We partnered with a founder from day one — brand strategy, Shopify build, paid media, and SEO — and hit £1M in revenue before the end of their first trading year.

In January 2023, a founder approached us with a product concept, a supplier relationship, and £80,000 in startup capital. They wanted to build a premium supplements brand targeting the endurance sports market — a category they knew intimately from 12 years of competitive cycling. By December 2023, the brand had hit £1.02M in revenue. This is the story of how we built it.

Phase 1: Foundation (Months 1–2)

Before a single line of code was written, we spent four weeks on brand strategy. Target audience definition, competitive positioning, price architecture, and channel strategy were all documented and agreed before the design process began. Too many startups skip this and end up with a beautiful site that speaks to no one in particular.

  • Brand positioning: 'science-led, athlete-tested' supplements for endurance sport
  • Target customer: recreational endurance athletes aged 28–45, household income £60k+
  • Price architecture: £35–£65 per product, premium but accessible
  • Primary channel: Meta paid social + SEO, with email as retention engine

Phase 2: Build (Months 2–3)

The Shopify store was built on a custom theme developed from our in-house starter template. Key features included an ingredient transparency section on each product page (listing every ingredient with its dose and evidence base), a performance-focused quiz, and a subscription model using Recharge for recurring revenue from day one.

The Subscription Model

Setting up subscriptions at launch, rather than adding them later, was a deliberate strategic choice.
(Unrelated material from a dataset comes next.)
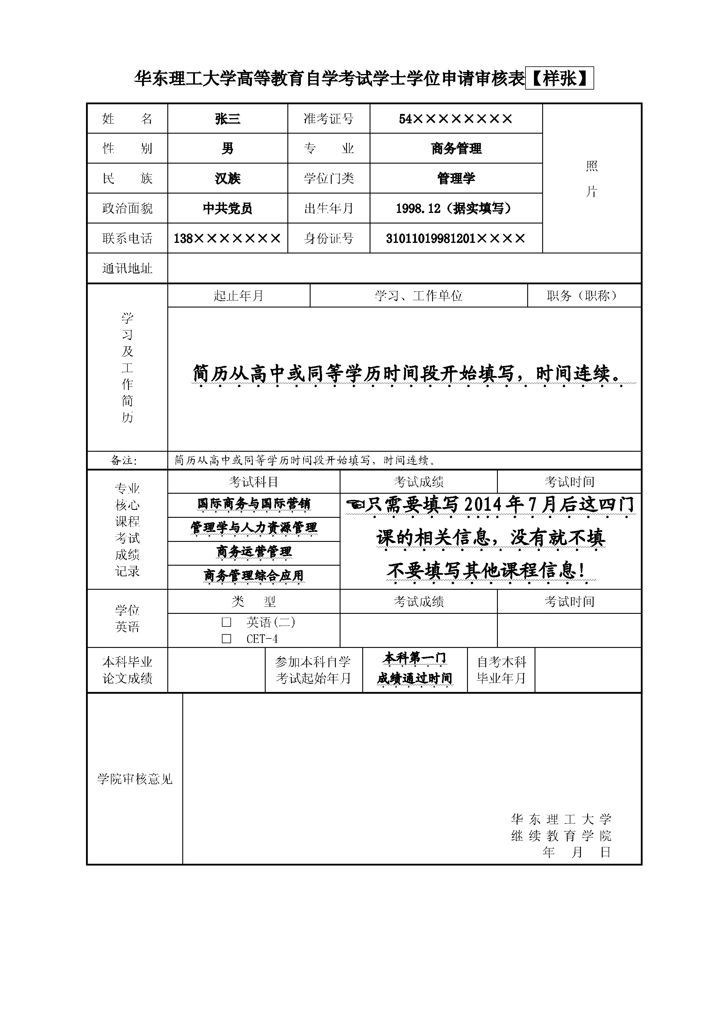 1. 黑色字迹水笔正楷填写的学士学位申请审核表1份。

Acquiring a subscription customer costs the same as acquiring a one-time customer but generates significantly higher LTV. From the first month, we tracked subscription percentage as a primary KPI — targeting 30% of orders on subscription by month 6.

Phase 3: Launch and Acquisition (Months 3–6)

The launch strategy centred on a seed influencer campaign: 50 endurance athletes with between 5,000 and 50,000 followers each received a complimentary product package in exchange for honest review content. This seeded social proof before paid media launched and gave the Meta algorithm initial purchase event data to work with.

Key insightBy month 6, the brand was generating £68,000/month in revenue. Subscriptions accounted for 29% of orders, and the customer acquisition cost was holding at £18 — well below the £35 target.

Phase 4: Scaling to £1M (Months 7–12)

The final push to £1M required two things: increasing paid media budget as ROAS held above 3.2x, and expanding into SEO-driven content to reduce paid dependency. We published 40 long-form articles in six months, targeting endurance nutrition keywords. By month 12, organic search contributed 18% of revenue.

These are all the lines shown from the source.